* What is being asked: Skip the pictures. Retype exactly, and only, the lines between the line holding "รหัสสินค้า : 298081" and the last line below, inclusive.

* Raw data:
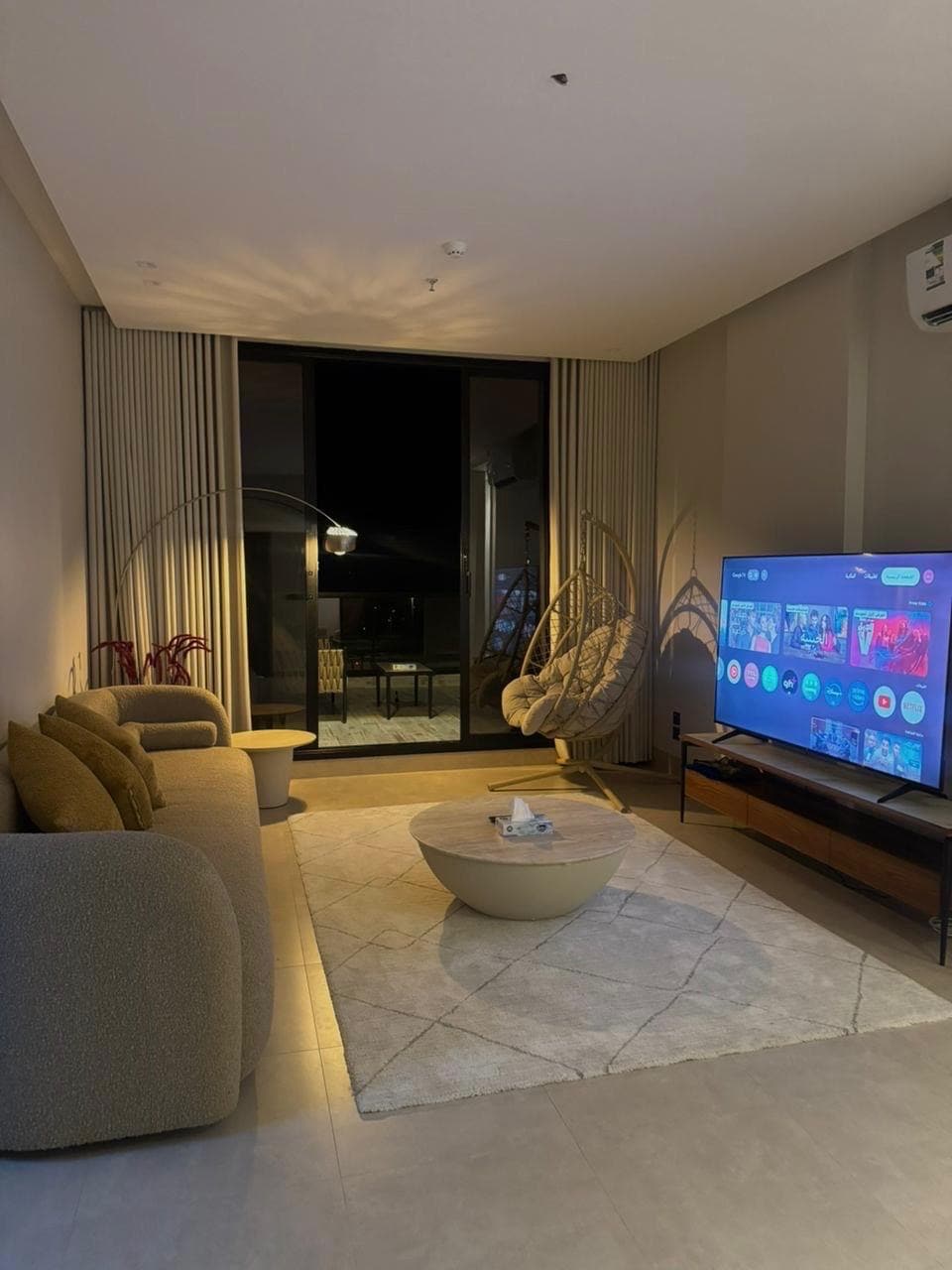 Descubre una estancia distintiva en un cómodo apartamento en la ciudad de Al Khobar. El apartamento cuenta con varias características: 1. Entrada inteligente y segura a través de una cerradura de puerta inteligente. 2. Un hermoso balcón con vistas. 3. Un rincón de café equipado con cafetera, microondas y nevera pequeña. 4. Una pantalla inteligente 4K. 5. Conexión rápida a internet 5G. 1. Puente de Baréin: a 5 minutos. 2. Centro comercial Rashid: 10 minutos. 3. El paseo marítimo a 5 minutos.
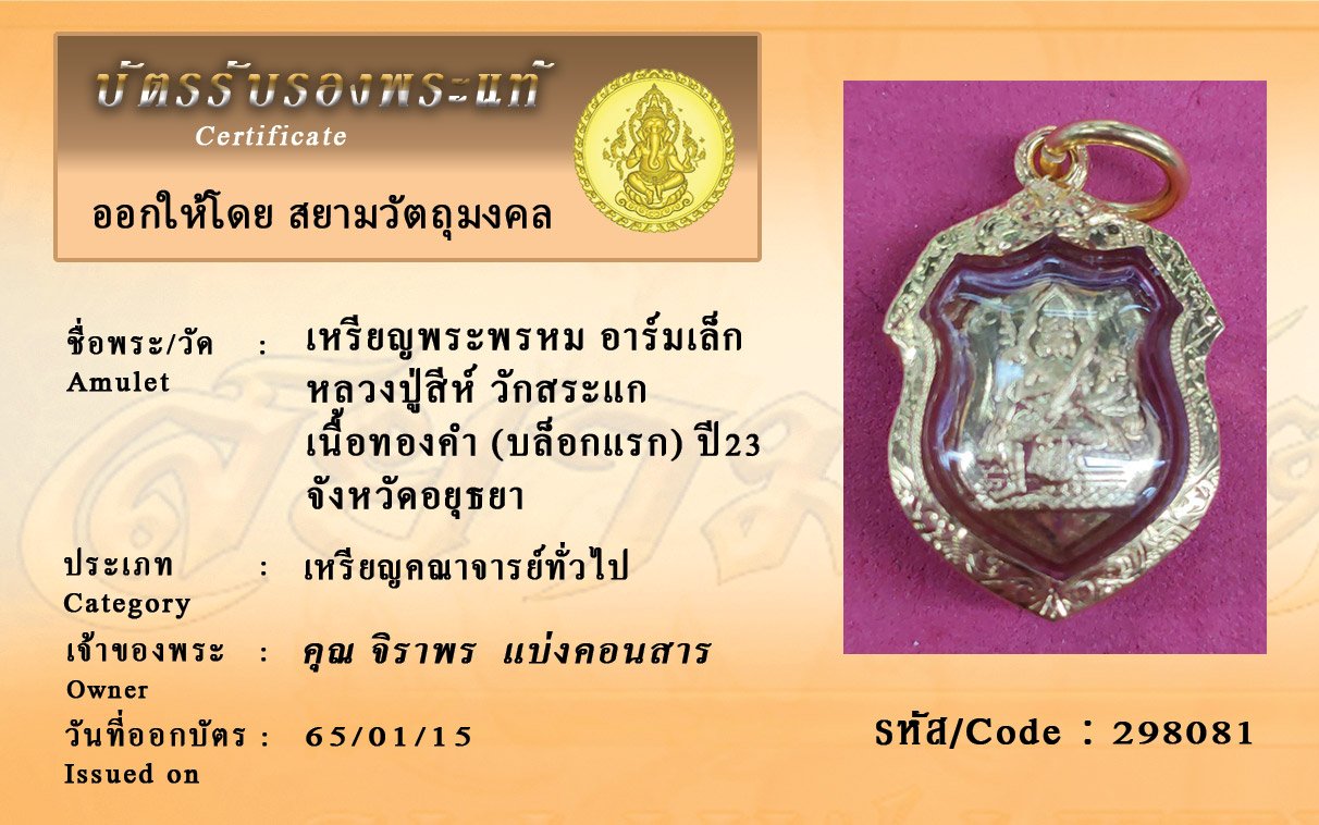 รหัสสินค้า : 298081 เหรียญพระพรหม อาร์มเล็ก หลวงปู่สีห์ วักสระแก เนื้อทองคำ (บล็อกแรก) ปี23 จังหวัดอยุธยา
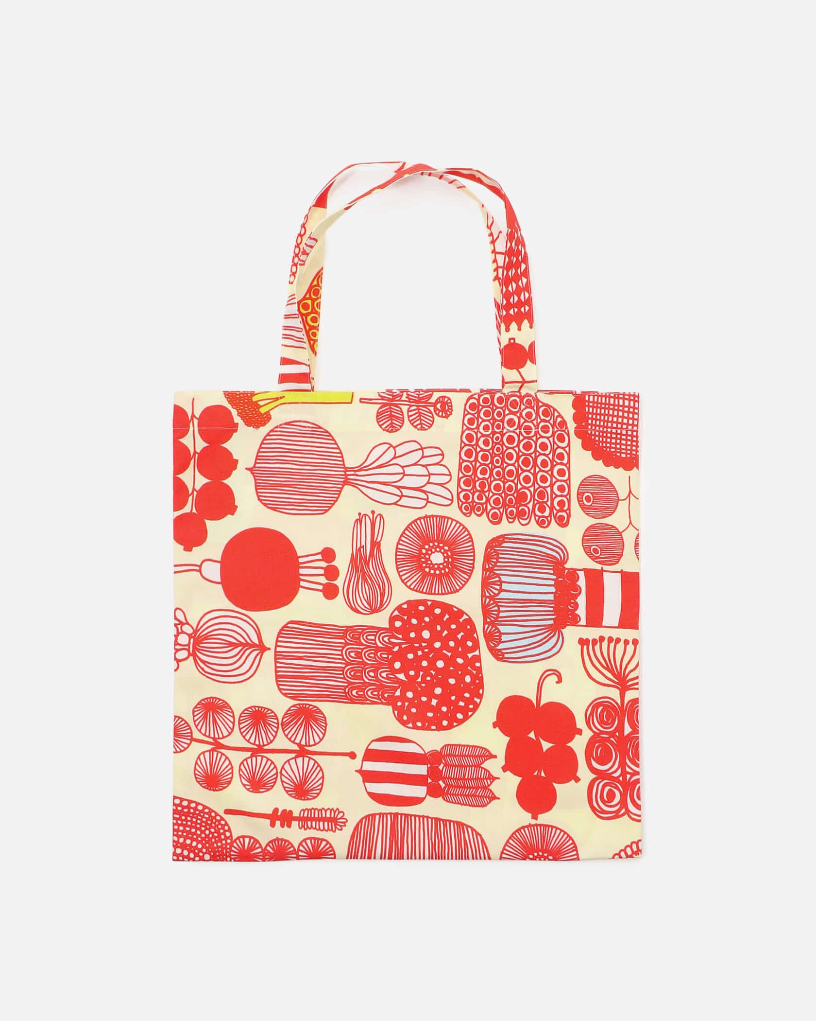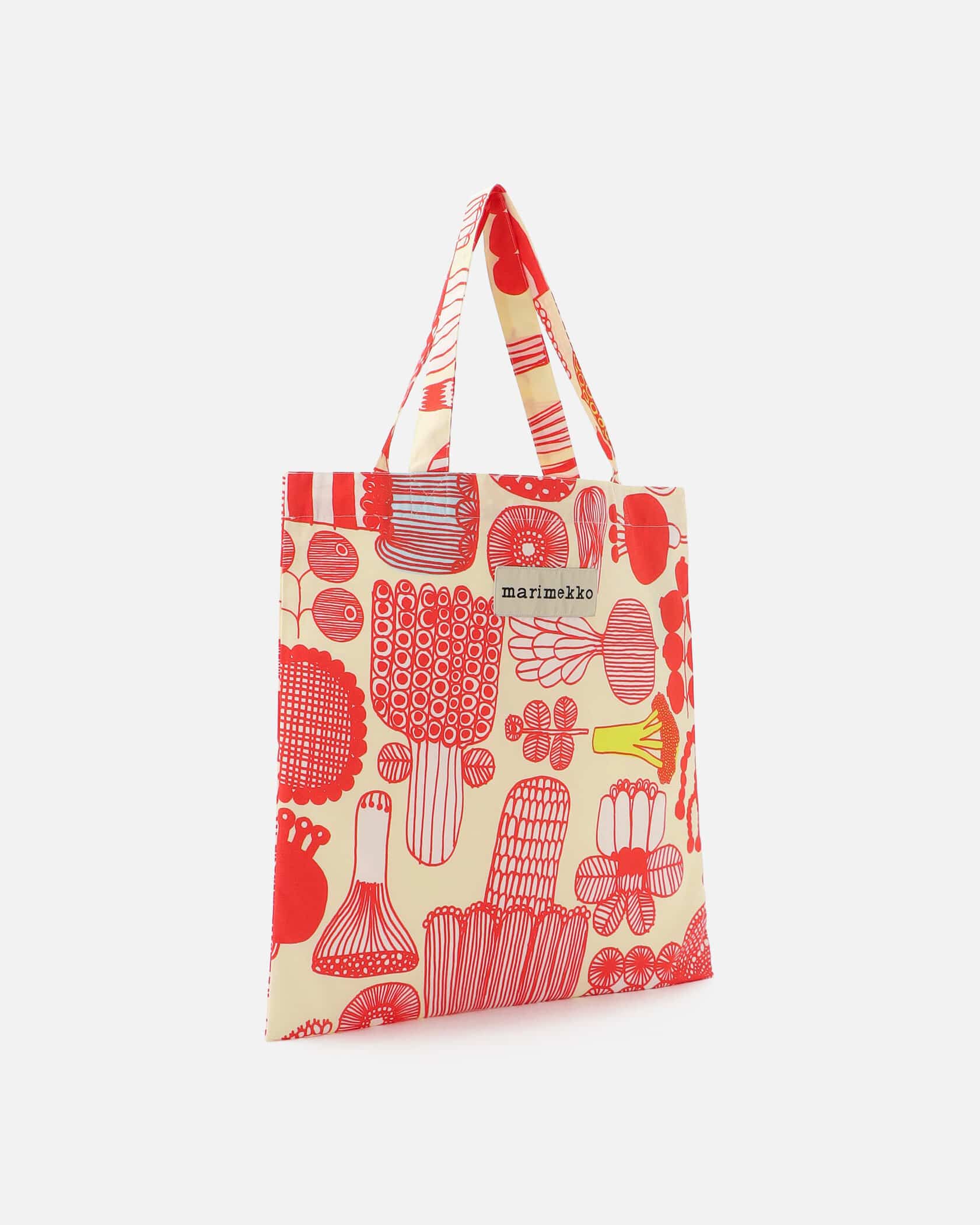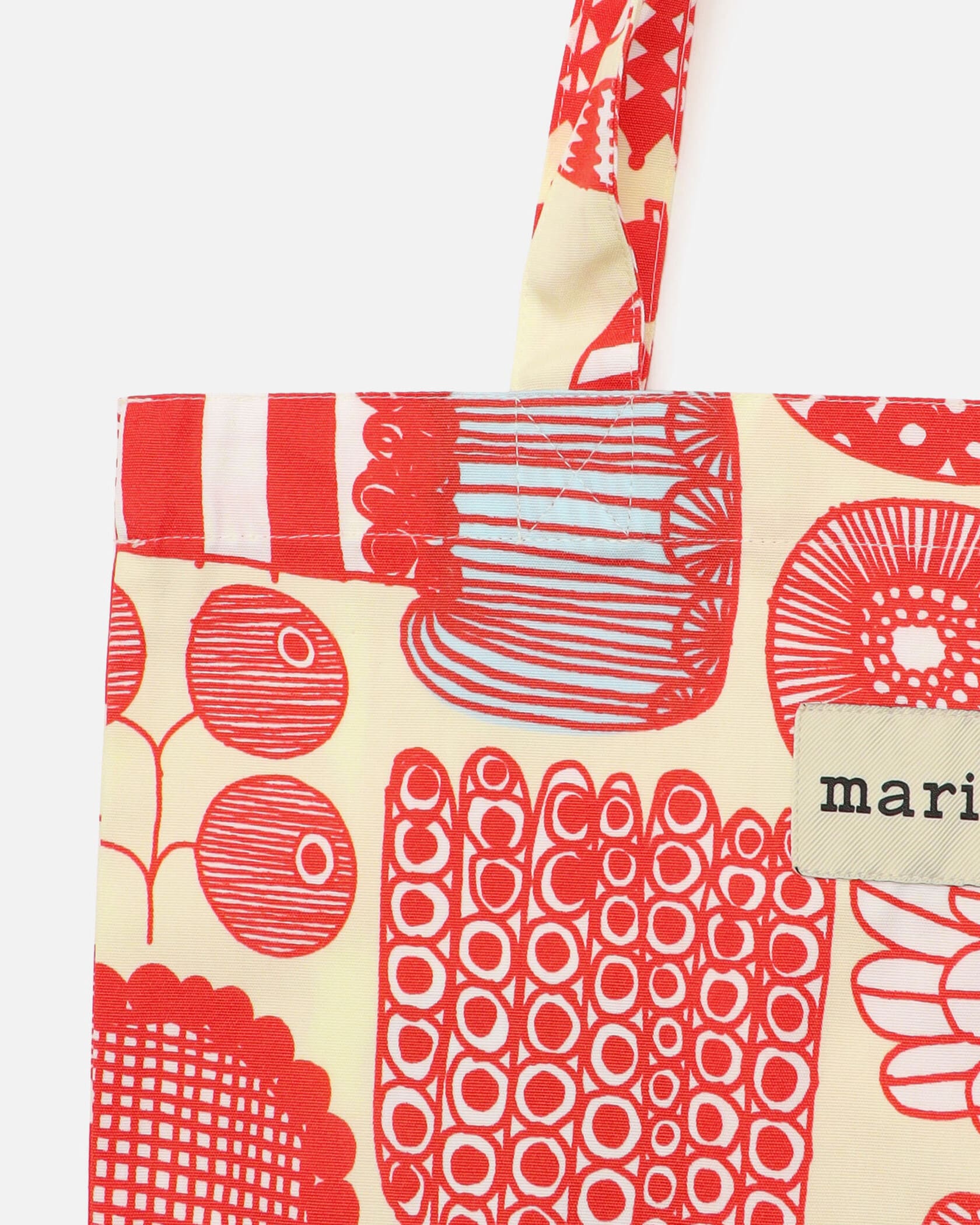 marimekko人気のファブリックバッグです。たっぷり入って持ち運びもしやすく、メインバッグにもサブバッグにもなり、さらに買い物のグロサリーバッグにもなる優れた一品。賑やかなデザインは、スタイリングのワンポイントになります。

* Solution to this problem:
 รหัสสินค้า : 298081 เหรียญพระพรหม อาร์มเล็ก หลวงปู่สีห์ วักสระแก เนื้อทองคำ (บล็อกแรก) ปี23 จังหวัดอยุธยา
 marimekko人気のファブリックバッグです。たっぷり入って持ち運びもしやすく、メインバッグにもサブバッグにもなり、さらに買い物のグロサリーバッグにもなる優れた一品。賑やかなデザインは、スタイリングのワンポイントになります。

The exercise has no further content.